Следующая первостепенная задача – добиться телефонной связи с родителями, которые не слышали моего голоса вот уже три недели с момента моего ареста. Конечно же, это было «по технической причине». Тут снова помогали консулы и адвокаты, постоянно осаждая тюрьму и Госдепартамент США гневными письмами о нарушении прав человека и, к счастью, мудро не забывая рассказать о происходящем в средствах массовой информации. Почти месяц спустя это все же возымело желаемый эффект.
Я никогда не забуду свой первый разговор с отцом. Трясущимися руками, не от страха, а от волнения, что я не смогу сдержать слез, услышав родной голос, и тем самым еще больше расстрою родителей, я набрала папин номер. Единственный номер, который я всегда знала наизусть.
«Красный воробей»
Дайте мне средства массовой информации,
и я из каждого народа сделаю стадо свиней.
Иозеф Геббельс
– Привет, Маш. Ты как? – голос в телефонной трубке дрожал, отец едва сдерживал слезы. Я никогда не видела, чтобы папа плакал, а потому дрожь в его голосе буквально разрывала мне сердце. – Я не знаю, сколько у нас времени, но я должен тебе задать один важный вопрос, – продолжил он. – Есть ли что-то такое, что я о тебе не знаю?
Вопрос буквально выбил меня из колеи.
– Да что ты, пап, побойся Бога. Мы же с тобой разговаривали каждый день. Помнишь? Ты знаешь обо мне больше, чем я сама о себе, – выдавила я из себя сквозь наворачивающиеся слезы.
– А, ну хорошо. Я так и думал. Я люблю тебя, дочь.

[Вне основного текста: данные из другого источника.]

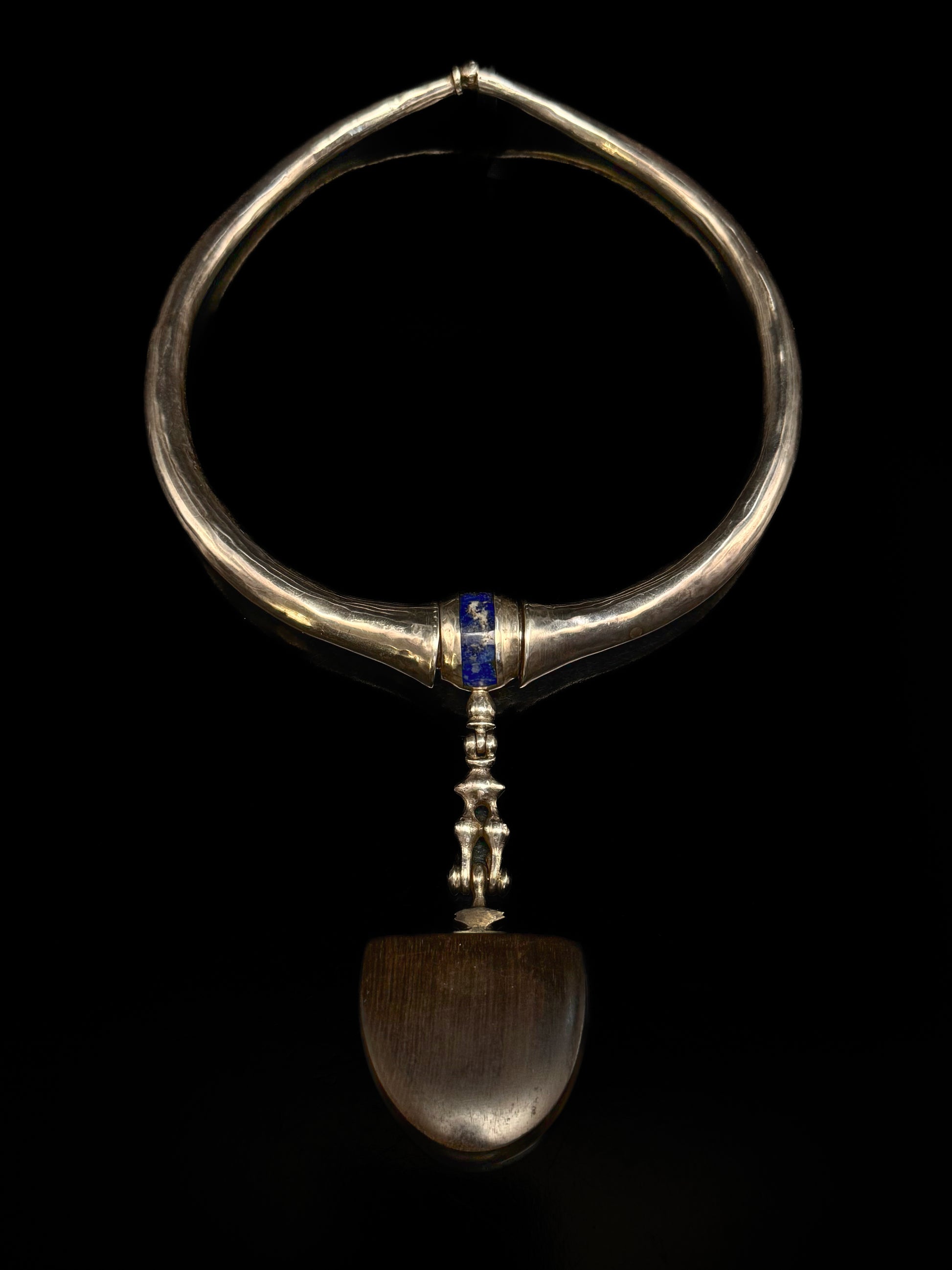 A hammered silver torque necklace, featuring a pendant in ebony and lapis lazuli.

В трубке что-то защелкало, и звонок прервался.
«Кто такая мисс Бутина? Обвиняемая в шпионаже россиянка предложила секс за доступ к власти».

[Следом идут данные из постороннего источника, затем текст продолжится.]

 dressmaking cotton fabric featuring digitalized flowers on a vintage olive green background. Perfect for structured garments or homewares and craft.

«Сценарий фильма „Красный воробей“ оказался реальностью! Кремлевская секс-шпионка Мария Бутина останется в тюрьме до суда».
За пару месяцев до моего ареста кинотеатры всего мира возвестили о новом шпионском триллере «Красный воробей». Это история молодой женщины, разведчика специального подразделения КГБ, ориентированного на взращивание особого типа агентов – шпионок-соблазнительниц. На секретной базе, где-то под Казанью, воспитывают «красных воробьев», у которых одна задача – совратить противника, а потом выпытать у него в состоянии экстаза секретную информацию, собрать компромат или, при идеальном сценарии, перевербовать партнера на сторону коммунистов. Фильм был основан на одноименной трилогии экс-агента ЦРУ в Москве, который щедро приправил свои больные фантазии о «настоящих методах работы КГБ» зарисовками столичной жизни, многочисленными пикантными сценами, ломаными русскими словами, часто невпопад, и даже рецептами традиционной русской кухни. Фильм был третьесортной смесью эротики и пушек, впрочем, ничего оригинального – типичная голливудиана, но пришелся «к столу», вернее, был выпущен в удачное время – в самый разгар поиска российского следа в американских бедах.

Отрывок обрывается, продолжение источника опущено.